Aimez-vous la ville ?

Arthur H. Je m’y sens bien par habitude. Étant né et ayant grandi à Paris, je me sens à l’aise dans n’importe quelle ville. Mais je me sens quand même beaucoup mieux quand je suis seul dans la nature. Il y a un niveau de saturation aujourd’hui qui est important avec un effet de compression à tous les niveaux.

"Au milieu de la nature, on devient plus calme,
on est plus à l'écoute de ses propres sensations."

Vous avez écrit cet album dans les Landes. Est-ce à dire que vous avez besoin d’isolement pour composer et créer ?

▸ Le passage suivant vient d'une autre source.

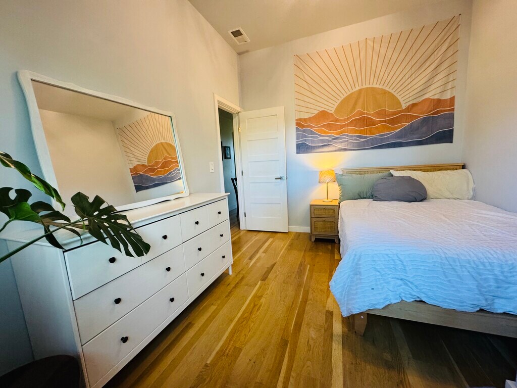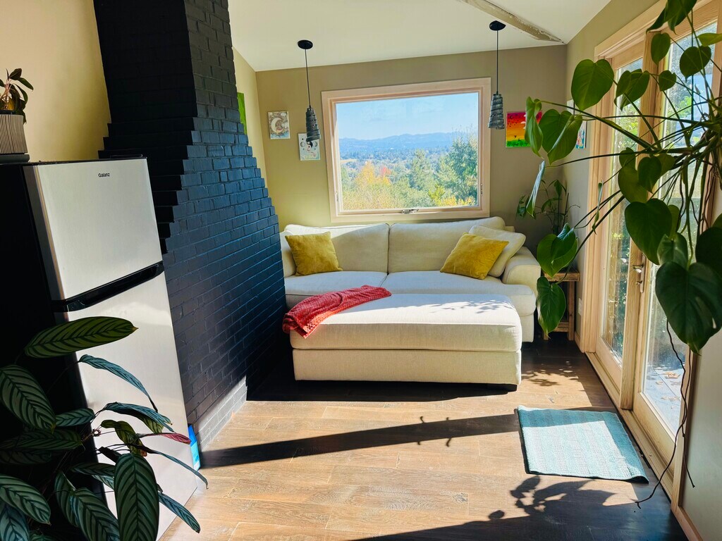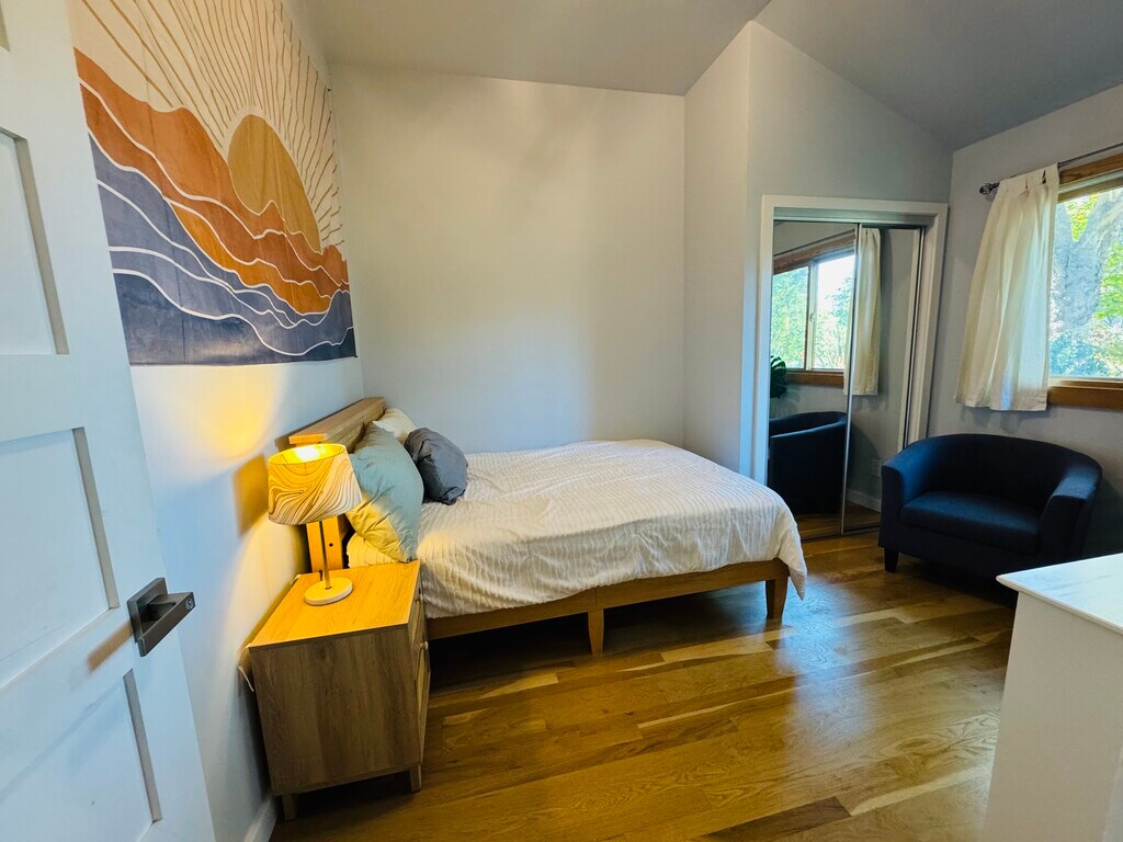 Furnished bedroom available in 4 bedroom 2 bath modern remodeled home. Available to women only. Sorry, no men. Large kitchen with lots of prep space, 2 refrigerators, 2 dishwashers, 48” stove. Tankless hot water, central heat /AC, gas fireplace, washer / dryer, hot tub, patio with firepit, sunrise views, garden space, ample uncovered parking. Room is available from February to June. $100 for all utilities (water, sewer, power, WIFI, trash). We’re an easy going couple in our 40s. We’ve lived with many housemates before and enjoy the company. We like to chat in common spaces and also highly respect people’s personal space and time. No need for forced connection. We work on developing the property and are in and out of the house a lot. We will be traveling for the spring so there might be other renters in our rooms. (We have the other two rooms in the house). You would be sharing a bathroom with one other renter and we share the other bathroom. We occasionally have company but it’s mostly just us. House is very peaceful and safe, filled with natural light. Sunrises are beautiful. Property is at the end of a country road near andys produce on shared property. We have 2 pet pigs, Pickles and Pixie. We work as property developers and are also relationship coaches and have spent many years in the healing world. We love backpacking, skiing, hot springing, dancing, travel, soccer, gardening, house projects, wine, coffee, family, celebrating, and all the good things in life. We are omnivores, keep a tidy house, but also very much live here. Sometimes theres personal items around or a few dishes in the sink. If you need things perfect this is not a good house for you. I would give us a B+ for cleanliness. We have a house keeper once a month for deep cleaning. Single occupancy. No pets. You must work outside of the home at least 3 days a week. Utilities $100 per month. Income requirement is $3k per month. Please DM me with some personal info about you. Your income, place of employment and schedule, move in/out date, interests, needs or concerns, and any other relevant info. Again no pets will be considered and it is single occupancy.
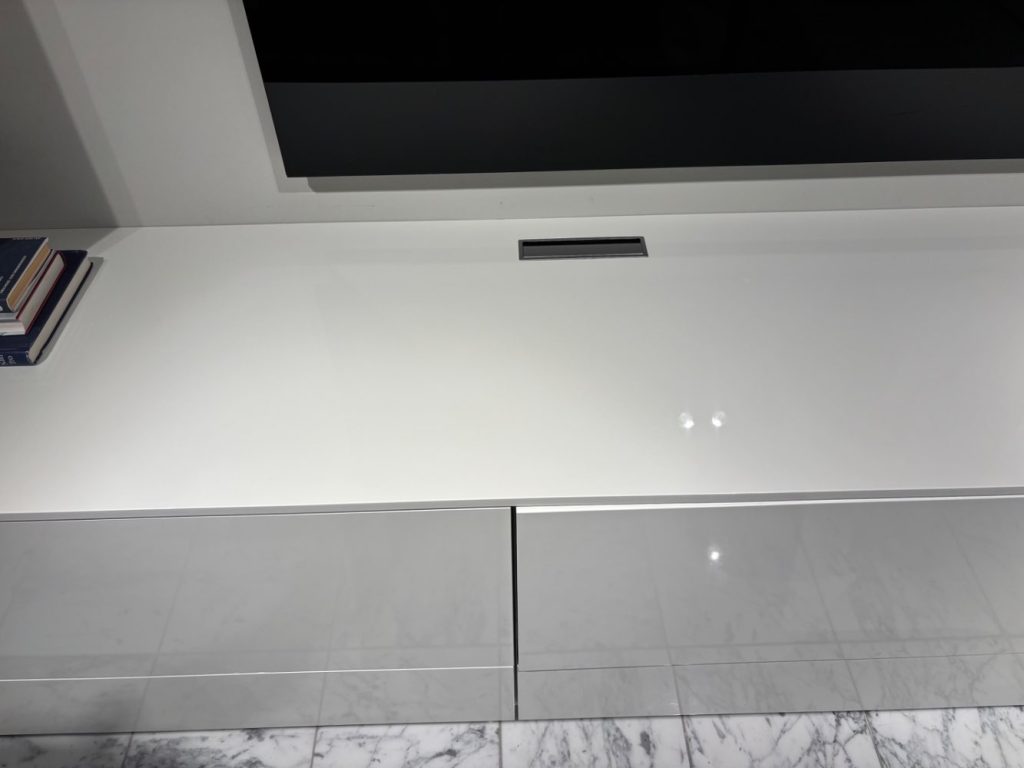 zeitlose moderne Anbauwand in Lack weiß hochglanz / Absetzung Eiche Melamin inklusive Kabeldurchlass fürs Lowboard

Arthur H. Dans les villes, il y a trop de monde, d’énergie, de confusion. Il y a une espèce d’entassement stimulant mais qui est assez perturbant aussi. Si on veut créer, on a intérêt à s’isoler. J’ai envie d’écrire de la musique et des textes qui soient harmonieux. Quand on est au milieu de la nature où tout est beau, la lumière, les couleurs, l’air, il y a quelque chose qui se tranquillise en soi. On devient plus calme, du coup, on est plus à l’écoute de ses propres sensations.

On a le sentiment que 
vous vous êtes davantage lâché au niveau de votre 
voix, à l’image de Dis-moi tout et son interprétation assez lyrique de votre part…

Arthur H. Je la travaille beaucoup. J’ai envie que ma voix soit fluide, libre, ce qui n’est jamais évident. Pour ce disque, j’ai essayé de me relaxer, de la chauffer, de lâcher les tensions. Il y a une souplesse intérieure à trouver, il faut détendre ses muscles, tout en étant bien droit dans son axe. Quand la voix sort librement, cela reste le plus bel instrument du monde.

Une de vos chansons évoque Basquiat. Êtes-vous sensible 
à son bouillonnement créatif ?

Arthur H. J’ai vu l’expo qui lui a été consacrée récemment. Le seul truc qui ne me parle pas chez lui, c’est son côté destroy, autodestructeur, toutes les drogues, et le fait qu’il se soit détruit lui-même. Je trouve cela simplement triste. À part ça, ce que j’aime chez lui, c’est toutes les libertés qu’il a prises, le fait qu’il ne se pose pas de questions. Il fonce et ne se dit pas qu’il a des limites. Il est vraiment au-delà de ça. J’aime beaucoup le mélange de New York et d’Afrique. Il y a le rapport très direct à la liberté de l’enfance. Je pense qu’il était dans le domaine du jeu, dans la vie. Il y a à la fois le côté enfant capricieux et le côté enfant libre. Ce que j’aime aussi, c’est cette impression d’énergie pour la vie mélangée à une espèce de grande colère et de mélancolie. On a tous à faire avec ce genre de sentiments. C’est quelque chose qui est très dans l’air d’aujourd’hui.

Comment concevez-vous 
votre rôle d’artiste ?

Arthur H. Un chanteur, c’est un poète qui vibre. Il doit donner de l’énergie aux gens toujours dans cette idée d’élan vers et pour la vie. Un bon concert ou un bon disque, c’est des moments qui doivent aider à recharger les batteries et à s’armer un peu pour affronter les difficultés de la vie. C’est une parenthèse enchantée qui doit aider à sortir momentanément de son marasme personnel.